The data: Begin

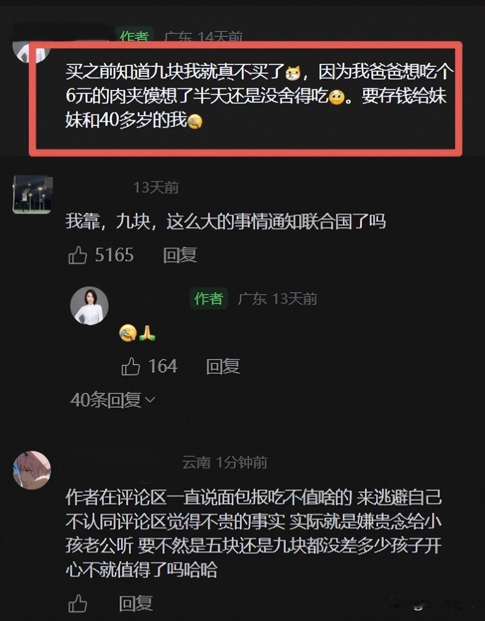“9块钱能要你命吗?”女儿买面包母亲对着屏幕发疯,太窒息了。[嘘] 一块售价九元的面包,让一位母亲在街头没能控制住自己的情绪,最近这段关于母亲和面包的网络视频,让很多人停下了划动的手指,心里也跟着不是滋味。 视频里这位母亲付完钱后,情绪明显激动起来,她对着手机镜头,一遍遍重复着面包的价格,声音因为激动而显得有些尖锐,女儿手里拿着刚咬了一口的面包,站在旁边,看上去有些不知所措,很多网友看完后的第一反应是不解:为了一块面包,至于这样吗? 但事情的关键,可能真的不在于那九块钱,后来我们了解到,这位母亲在别处提起过,自己的父亲过去连一个六块钱的肉夹馍都舍不得买,总把省下的钱留给家人。 这份爱很沉,沉到有时候会让人忘记,爱其实可以有更轻松的表达方式,它无形中似乎定下了一个标准:爱,就意味着要拼命克制自己。 看了这个视频,心里真不是滋味,一块9块钱的面包,能让一个妈妈在马路边上,对着手机镜头崩溃成那样,评论区都炸了说什么的都有。 “最惨的是孩子,拿着个咬了一口的面包,看着妈妈发疯,该有多害怕和无助。” “这已经不是钱的问题了,是情绪暴力,孩子以后可能再也不敢开口要任何东西了,心里永远会觉得自己是家庭的负担。” “9块钱,现在能买啥?一杯奶茶都不够,至于当街这样吗?” “说真的,嫌贵你可以当时不买,或者跟孩子好好说,下次我们买别的,而不是买了之后,再这样折磨孩子也折磨自己。” “她把视频发上网,是想让网友一起骂孩子不懂事吗?没想到大家都清醒得很。” “可能她真的很难,9块钱对有些人来说就是一顿饭钱。” “压力大的时候,一点小事就会成为压垮骆驼的最后一根稻草,她冲动的不是面包,是生活的压力。” “有压力也不是伤害孩子的理由,生活不易的大有人在,但把孩子当出气筒,就是不对。” “她说自己爸爸连6块钱的肉夹馍都舍不得买,省给她和妹妹,看同样的模式又来了用自我牺牲来绑架家人,让全家都活在愧疚里。” “这种‘穷’思维和匮乏感,真的会传下去,上一代觉得‘我不配吃好的’,这一代就变成‘我孩子不配吃贵的’,而且火气更大。” “她发疯可能不只是气9块钱,是气自己怎么又成了当年那个‘不懂事’、让父亲牺牲的女儿,她活成了自己最讨厌的样子,又把刀口对准了自己的孩子。” “养孩子,物质上穷一点可能没啥,但精神上不能这么‘穷’,给孩子一种‘你不配’、‘我们家不配’的感觉,才是最伤的。” “情绪稳定的父母,是孩子最好的风水,9块钱的面包看清一个家庭的情绪状态,代价太大了。” 最后想问问大家:如果你是这个女孩,经历了这一幕,你当时心里会怎么想?对你以后会有什么影响?作为家长,当你因为价格超出预期而对孩子的消费感到不快时,你觉得怎样处理更合适?欢迎在评论区聊聊你的观点和故事。 信息来源:搜狐新闻
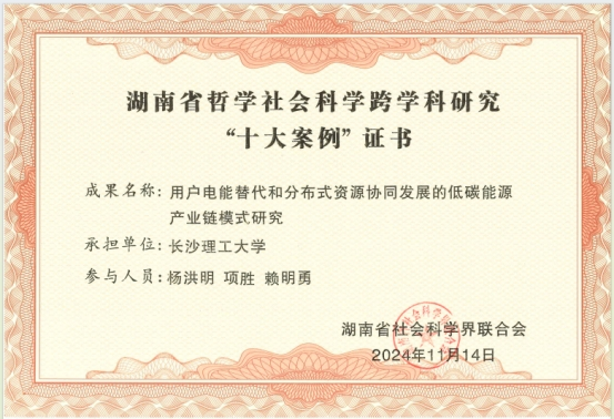 近日,湖南省社会科学界联合会公布了湖南省哲学社会科学跨学科研究“十大优秀案例”和“十大案例”名单,我院杨洪明教授的研究成果《用户电能替代和分布式资源协同发展的低碳能源产业链模式研究》分别荣获湖南省哲学社会科学跨学科研究“十大案例”。
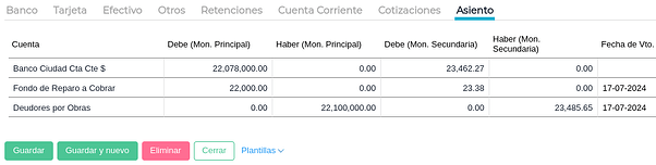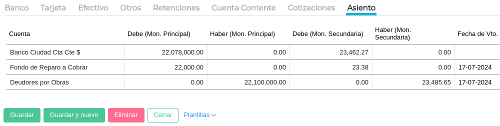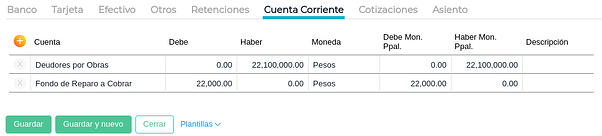 En la solapa “Cuenta corriente” agregar una línea y cargar la cuenta “Fondo de reparo a Cobrar”. En el debe se ingresa el importe que corresponde al fondo de reparo retenido por el cliente.
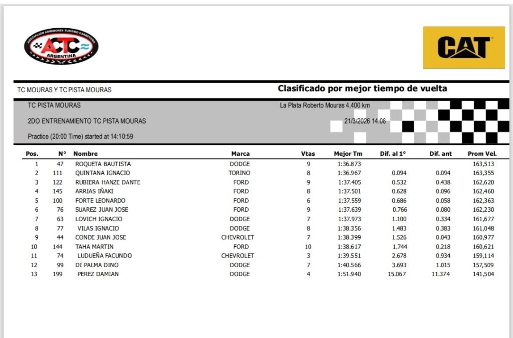Bautista Roqueta, que tripula un Dodge del Canning Motorsport, se llevó el segundo entrenamiento del TC Pista Mouras, en un sábado nublado, con un cielo que amenaza con llover. Éste significó la última práctica de la fecha, previo a la clasificación general.
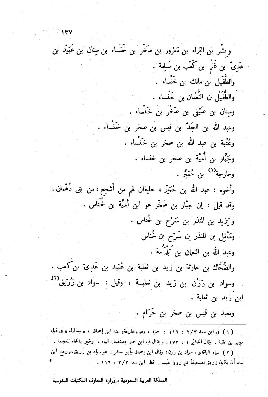 (1) في ابن سعد 3 / 2: 116: حمزة، وهو " خارجة " عند ابن إسحاق، " وحارثة " في قول موسى بن عقبة. وقال الخشني 1: 173: ويقال فيه ابن حمير بتخفيف الياء، وخمير بالخاء المعجمة.
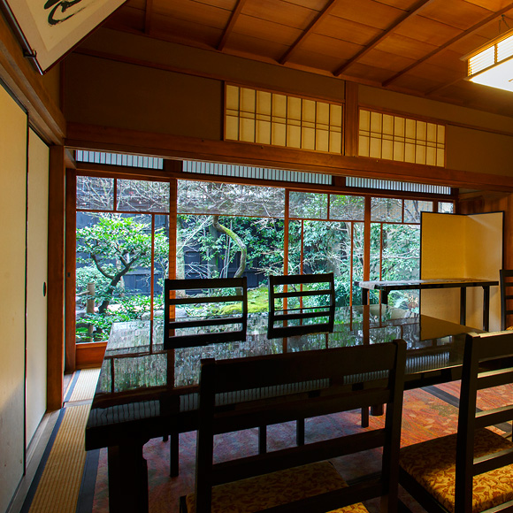 この屋敷は大正期に建てられたもので、明治から大正にかけて活躍した四条派の日本画家・今尾景年の元邸宅。国の重要文化財に指定されており、今では稀少となった屋久杉の梁や柱、景色に独特の歪みを与える窓ガラスなど、建築の隅々より感じる風情からは、繊細な筆致で知られた景年の画風ともどこか通ずる品格を感じます。
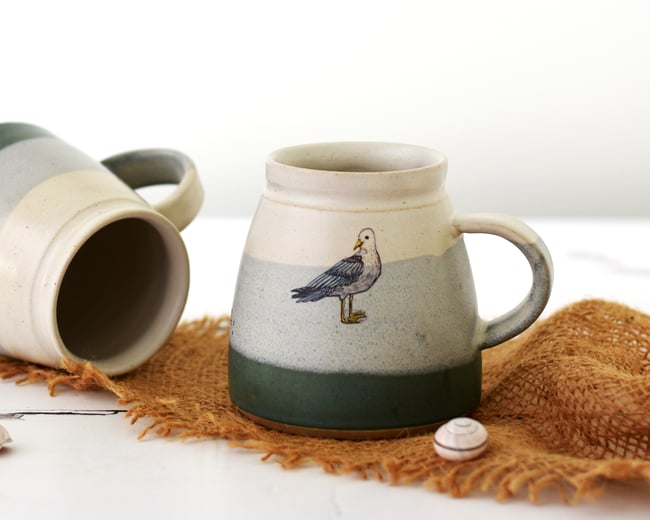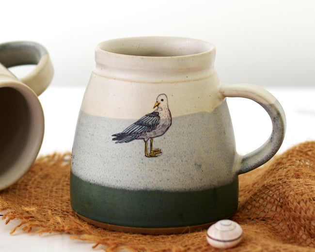 A cosy handmade ceramic mug with a hand-drawn seagull fused deep into our green and cream glazes.
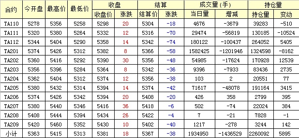 主力TA201合約當日交易走勢
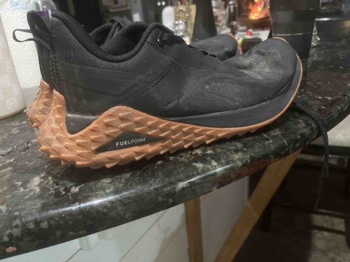 This is a pair of modern athletic training shoes, specifically identifying as the Reebok Nanoflex TR model. The shoes feature a low-top silhouette with a primary upper constructed from a durable, lightweight black mesh fabric and synthetic overlays for structural support. A distinguishing feature is the 'FuelFoam' cushioning technology, which is clearly labeled on a black triangular insert within the lateral side of the midsole. The most striking visual element is the rugged, gum-colored rubber outsole that wraps slightly up the sides of the heel and midfoot, featuring a deep, diamond-patterned lug design for multi-surface traction. The construction includes a traditional lace-up closure with black laces and a convenient webbing pull-tab at the heel for ease of entry. Regarding condition, the shoes show signs of moderate active use; there is visible white dust or dried mud caught in the crevices of the textured gum soles and scattered across the black synthetic upper. The fabric on the toe box appears slightly creased from wear, and the overall patina suggests they have been used for outdoor or cross-training purposes. Despite the surface debris, the structural integrity of the midsole and the stitching appears sound, indicating a high-performance build designed for varied fitness activities. These shoes likely date from the early 2020s, following Reebok's focus on functional training footwear.
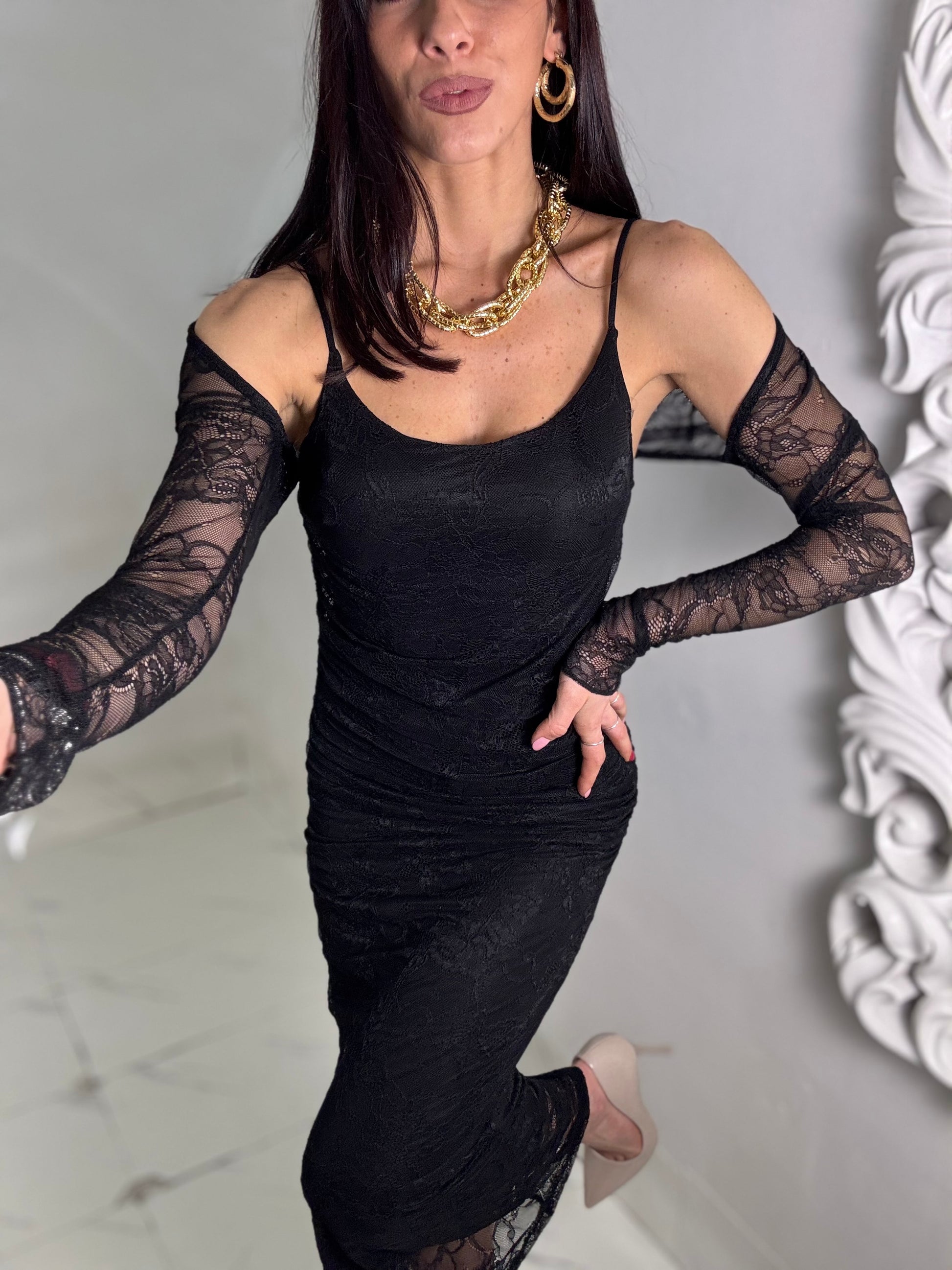 Abito in merletto con bretelle sottile e coprispalle compreso
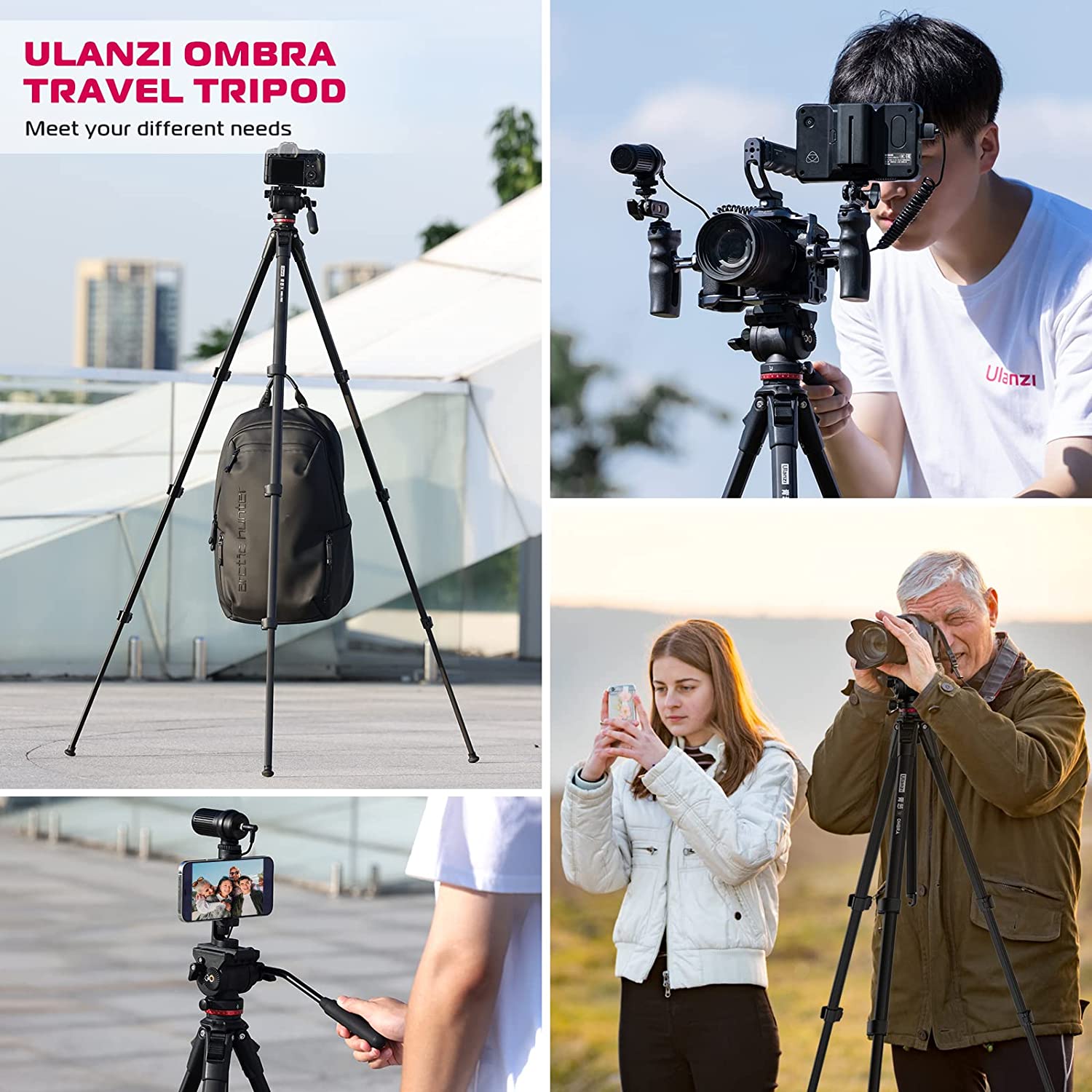 ULANZI MT-56 Ombra Video Travel Tripod, 63" Professional Camera Tripod with Fluid Pan-tilt Head, Aluminum DSLR Tripod Max Load 13.2 LB for Nikon Canon DSLR Camcorder, Phone Holder Included
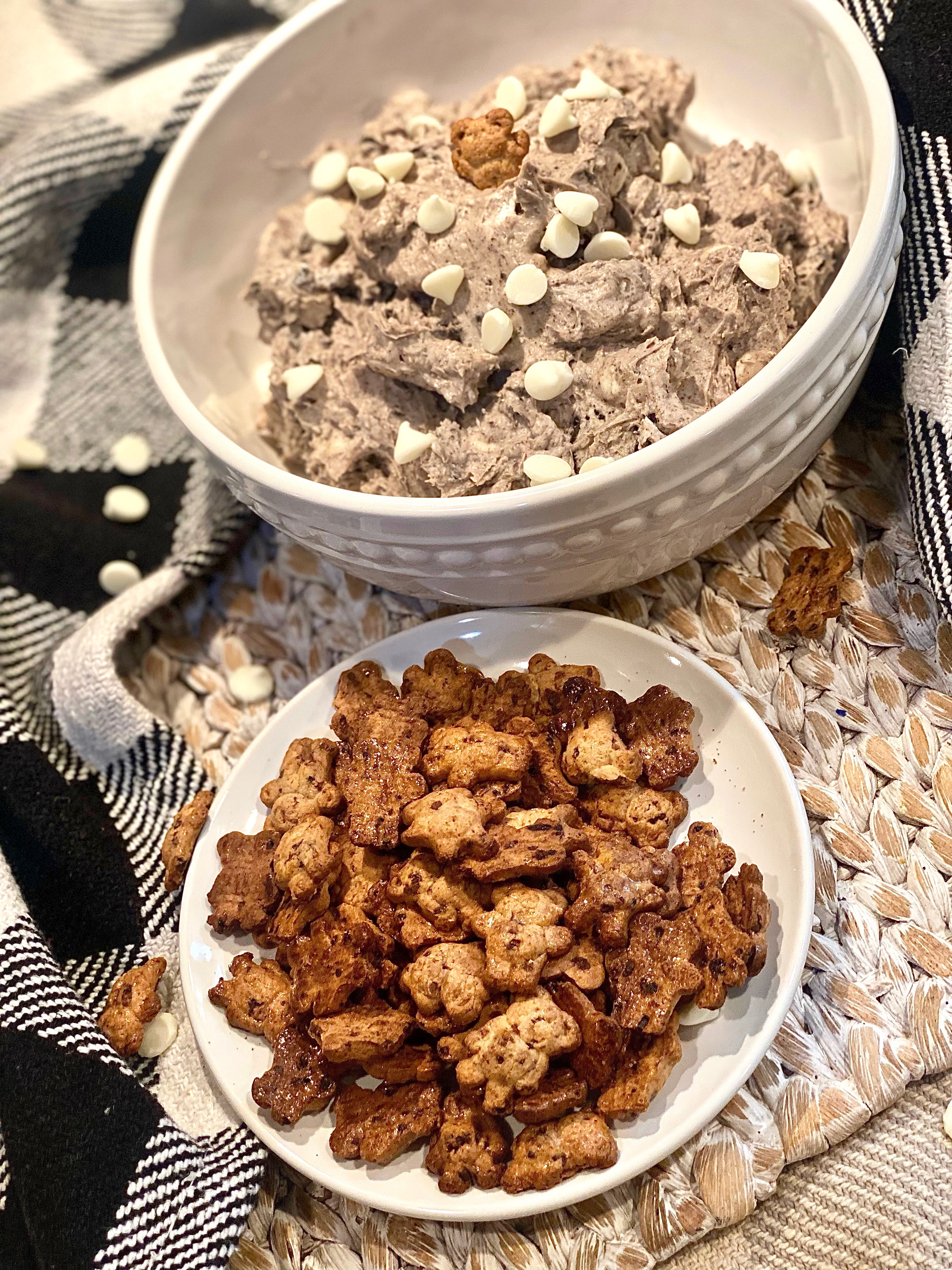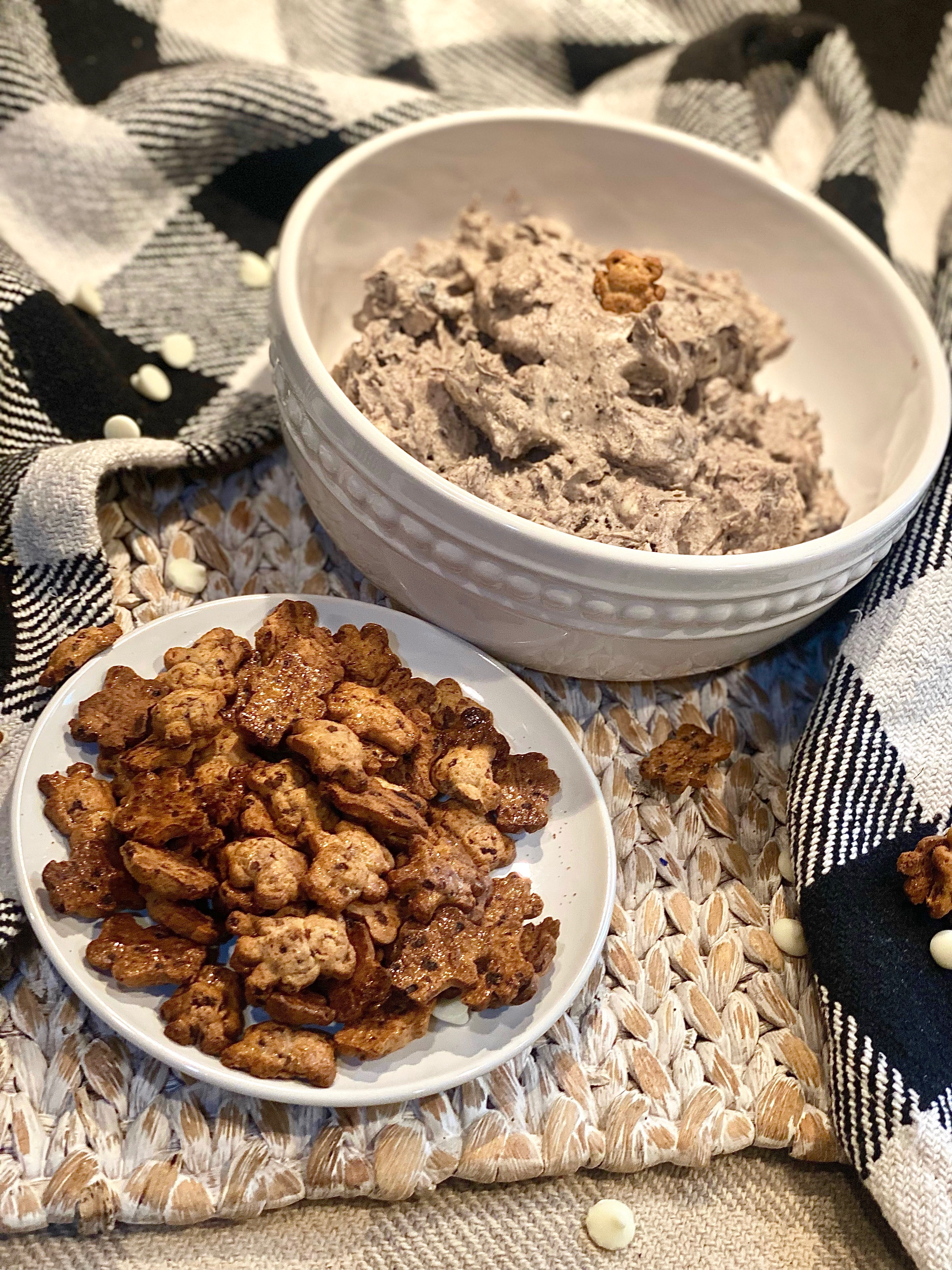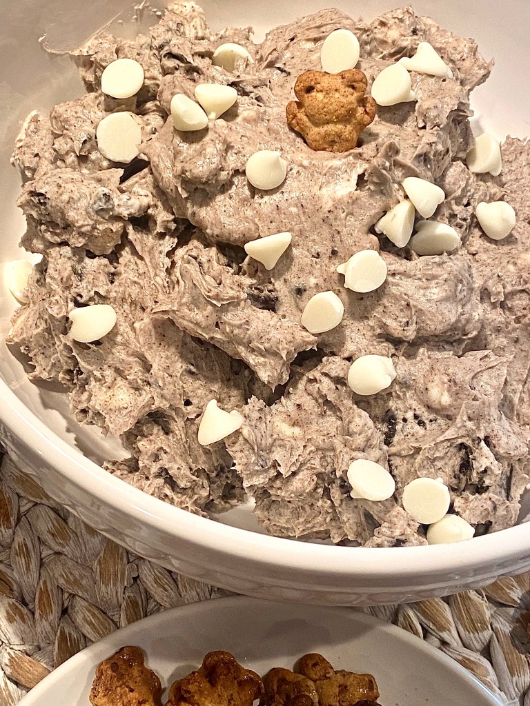 - I served chocolate chip Teddy Grahams with this cookies and cream dip because I love that “brookie” flavor which is exactly what you get when using the bears to dip! If this dip is enough cookie for your palate on it’s own you can use pretzels for pairing, and if you’re longing for an even bigger cookie explosion in your mouth you can use actual chocolate chip cookies, or even Oreos.

The data: End

▸ Try it:
Beginning with the line above that contains "(1) في ابن سعد" and ending with the line that contains "主力TA201合約當日交易走勢", quote each line exactly, keeping out the pictures.

▸ Response to this task:
 (1) في ابن سعد 3 / 2: 116: حمزة، وهو " خارجة " عند ابن إسحاق، " وحارثة " في قول موسى بن عقبة. وقال الخشني 1: 173: ويقال فيه ابن حمير بتخفيف الياء، وخمير بالخاء المعجمة.
 この屋敷は大正期に建てられたもので、明治から大正にかけて活躍した四条派の日本画家・今尾景年の元邸宅。国の重要文化財に指定されており、今では稀少となった屋久杉の梁や柱、景色に独特の歪みを与える窓ガラスなど、建築の隅々より感じる風情からは、繊細な筆致で知られた景年の画風ともどこか通ずる品格を感じます。
 A cosy handmade ceramic mug with a hand-drawn seagull fused deep into our green and cream glazes.
 主力TA201合約當日交易走勢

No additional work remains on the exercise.